Хотя в сентябре никто уже не купается возле мельницы господина Лапейра – вода там холодна как лед, – но в этот день было так тепло, что я на всякий случай захватил с собой купальный костюм. Без сомнения, меня не покидала мысль о возможности покончить все разом в этот день: ведь я, наверное, буду там один. Меня страшил конец Анны Карениной, но не конец Офелии – скорее всего я втайне знал, что инстинктивно начну делать движения, которые не дадут мне утонуть. У меня мелькали какие-то неясные мысли о возможности несчастного случая. Я представлял себе горе матери, горе Мари. Будут говорить то, что говорят в таких случаях: предполагать судорогу, кровоизлияние. Свидетелей не будет.
Спускаясь по песчаной дороге к мельнице, я с досадой увидел, что в пруду плещется какой-то одинокий купальщик. Вода слишком холодна, долго он там не пробудет. Я решил подождать, пока он освободит мне место, и скользнул в гущу папоротника, откуда мог наблюдать за ним, сам оставаясь незамеченным. Есть особое удовольствие – обычно в нем не признаются, но я признаюсь – смотреть на того, кто нас не видит, даже не знает, что мы здесь, и думает, что он один. Поистине удовольствие, доступное только богу. Очень скоро я заметил, что мой купальщик был купальщицей – правда, такой тоненькой и длинноногой, что легко было ошибиться. Но, пожалуй, уже не маленькой девочкой. У девочек не поймешь – девочки никогда не бывают детьми, детство им заказано. Эта, очевидно, была еще девчушкой, она купалась в мальчишечьем купальнике. Девица из местечка никогда бы себе этого не позволила. Она вышла из воды, уселась на берегу на солнышке, чтобы обсохнуть, огляделась вокруг. Был полдень – тишина и безлюдье. Она проворно спустила бретельки купальника, невинно обнажив худенькие плечики и едва наметившуюся грудь. То, что я почувствовал, совсем не похоже на то, что может подумать Донзак, – не сладострастие фавна. Нет, маленькие девочки еще не вызывают у меня дурных мыслей. Мне показалось, будто кулак, сжимавший мое горло, внезапно разжался (если бы я только знал!), будто кто-то убрал ладони, закрывавшие мои незрячие глаза, и я вдруг прозрел. Уже одно это создание было чудом, а в мире таких миллионы – в том мире, которого я не знал и в который, впрочем, ничто и никто не заставит меня вступить, если я предпочту сидеть в своей комнате, где одни только книги и нет ни одного человека.

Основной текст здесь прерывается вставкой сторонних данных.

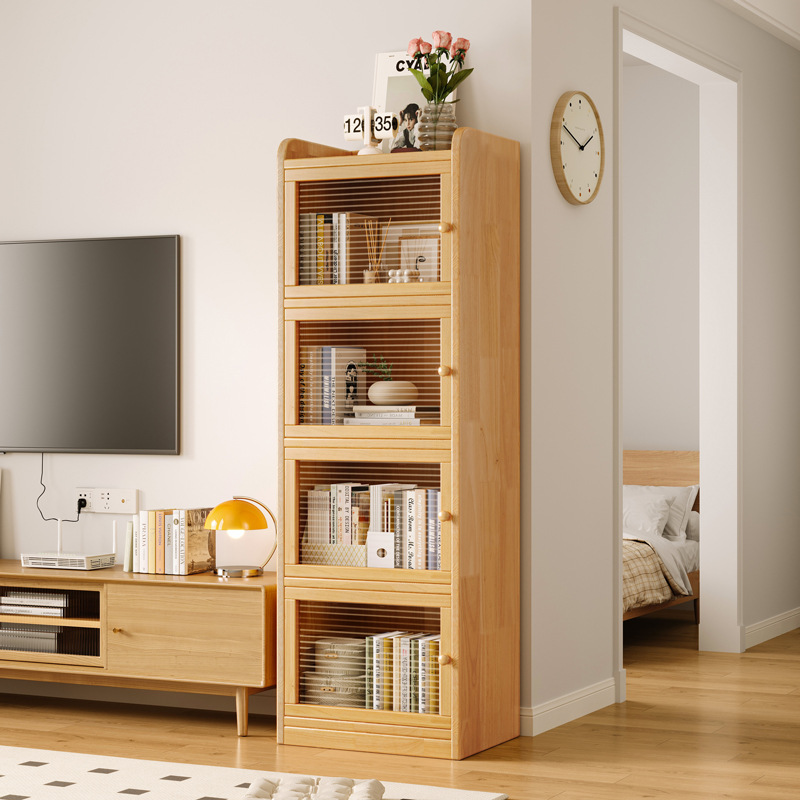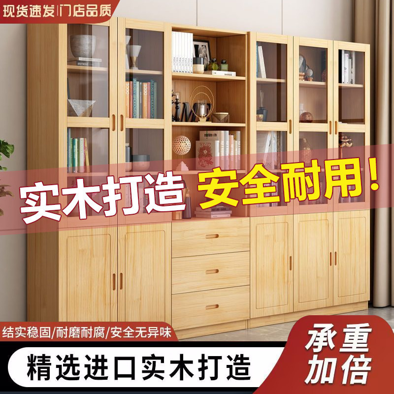 無垢材本棚と本棚の組み合わせモダンでシンプルなガラス防塵本棚リビングルーム書斎収納キャビネットフロアキャビネット工場
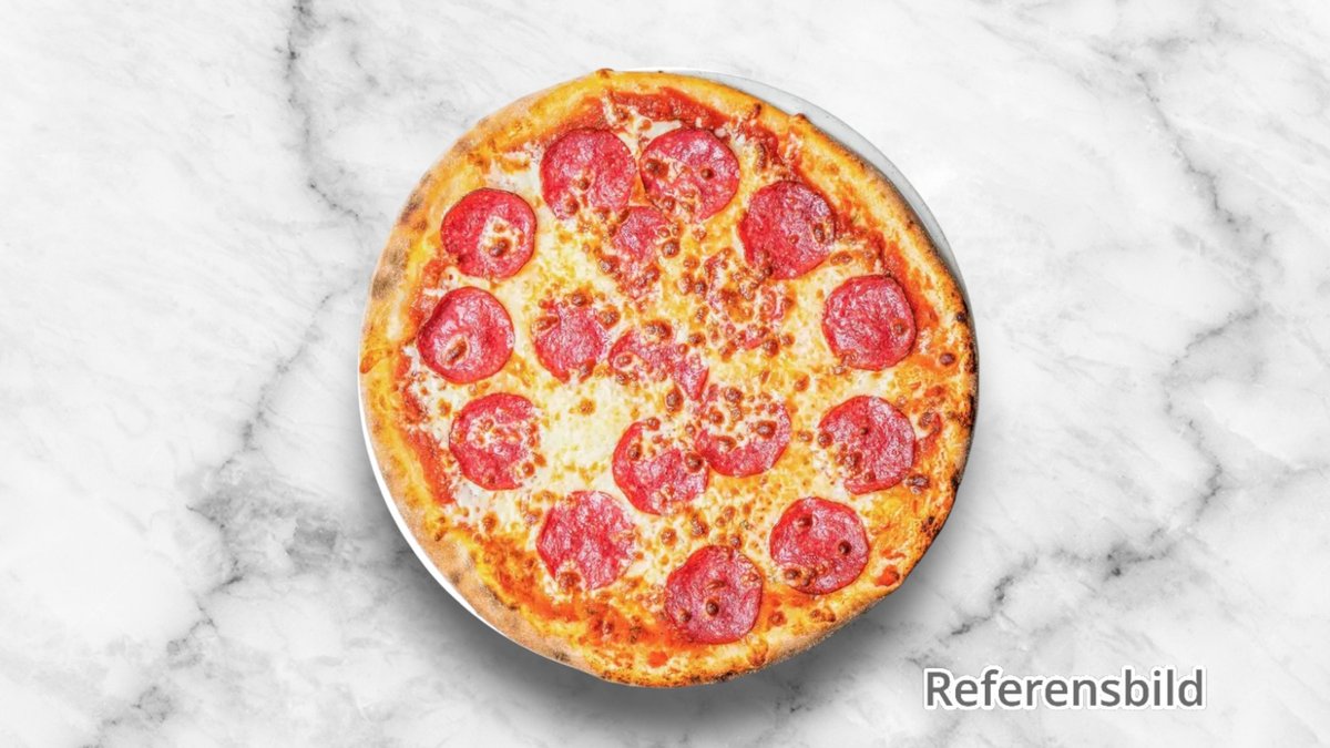 Tomatsås, mozzarella, salami och gorgonzola.
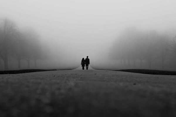 настроения темнота девушка парень мужчина женщина силуэты парочка пара влюбленные тишина дорога асфальт туман деревья ночь фон любовь обои широкоформатные полноэкранные широкоэкранные широкоформатный 1920 x 1200, 112 кБ

Поднявшись, девочка долго стояла под лучами солнца, и так далеки были от меня нечистые мысли, что, глядя на нее – пусть это важно только для меня одного, – я, как всегда при виде прекрасного юного тела, ощутил со всей несомненностью, что бог есть. Бог существует, вы видите сами. И тот же голос, который кричал мне в ухо: «Все перед тобой, все тебе дано, убивай и ешь…» – тот же голос шептал: «Но ты можешь выбирать: и отказаться от всего, и искать меня, и в этом единственный выход».

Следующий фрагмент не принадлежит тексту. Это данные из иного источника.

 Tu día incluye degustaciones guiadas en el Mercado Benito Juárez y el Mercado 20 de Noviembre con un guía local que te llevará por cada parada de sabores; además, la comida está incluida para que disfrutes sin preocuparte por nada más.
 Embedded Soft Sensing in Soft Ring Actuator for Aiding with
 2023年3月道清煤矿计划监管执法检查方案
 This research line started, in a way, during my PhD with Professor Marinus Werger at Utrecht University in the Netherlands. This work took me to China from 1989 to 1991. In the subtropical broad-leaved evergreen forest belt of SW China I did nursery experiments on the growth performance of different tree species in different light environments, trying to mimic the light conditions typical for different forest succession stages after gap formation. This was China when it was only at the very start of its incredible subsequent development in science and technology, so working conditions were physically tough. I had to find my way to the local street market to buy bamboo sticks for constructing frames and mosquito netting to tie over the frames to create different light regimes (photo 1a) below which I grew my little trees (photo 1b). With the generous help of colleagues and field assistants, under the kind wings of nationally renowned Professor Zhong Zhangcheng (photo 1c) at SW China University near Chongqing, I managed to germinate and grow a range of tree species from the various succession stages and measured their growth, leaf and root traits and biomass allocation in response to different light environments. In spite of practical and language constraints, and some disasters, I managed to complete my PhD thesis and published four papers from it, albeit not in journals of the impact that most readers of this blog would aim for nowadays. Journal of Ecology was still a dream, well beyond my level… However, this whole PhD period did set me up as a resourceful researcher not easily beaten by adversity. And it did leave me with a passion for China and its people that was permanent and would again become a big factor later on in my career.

Девчушка исчезла в зарослях папоротника и скоро появилась снова, в коротенькой юбчонке, не слишком красивая, насколько я мог судить издали: круглая гребенка туго стягивала ее волосы и лоб казался слишком высоким.
Но я видел ее без платья и знал, что она прекрасна – не красотой, запечатленной в уже сложившихся чертах, а той, что таится в изменчивых линиях, складывающихся в пору созревания. Я подглядел мгновение между зарей и рассветом, или, вернее, между рассветом и утром, – чудо, которое продлится недолго и по-настоящему еще не началось.
Я дал ей уйти и пошел следом, держась чуть поодаль. Она шагала, то чинная и серьезная, как взрослая девушка, потом, вдруг подпрыгнув, как козленок, ныряла в чащу папоротника, наклонялась, что-то там собирала и снова шагала дальше. Неожиданно сухая ветка хрустнула у меня под ногой. Она обернулась, поднесла ручонку к глазам, чтобы рассмотреть, кто это идет за ней, и вдруг – может быть, она узнала меня? – бросилась бежать со всех ног и исчезла за поворотом тропинки. Когда я подошел к повороту, ее уже и след простыл – должно быть, скрылась в лесу.
12
Возвращаясь с мельницы, весь поглощенный мыслями о вспугнутой купальщице, я издали увидел, что мама поджидает меня на крыльце. Она крикнула, что мне пришла телеграмма, и, когда я подошел, протянула ее мне, уже вскрытую:
– Я ее вскрыла, естественно! Это Симон… хватает же наглости!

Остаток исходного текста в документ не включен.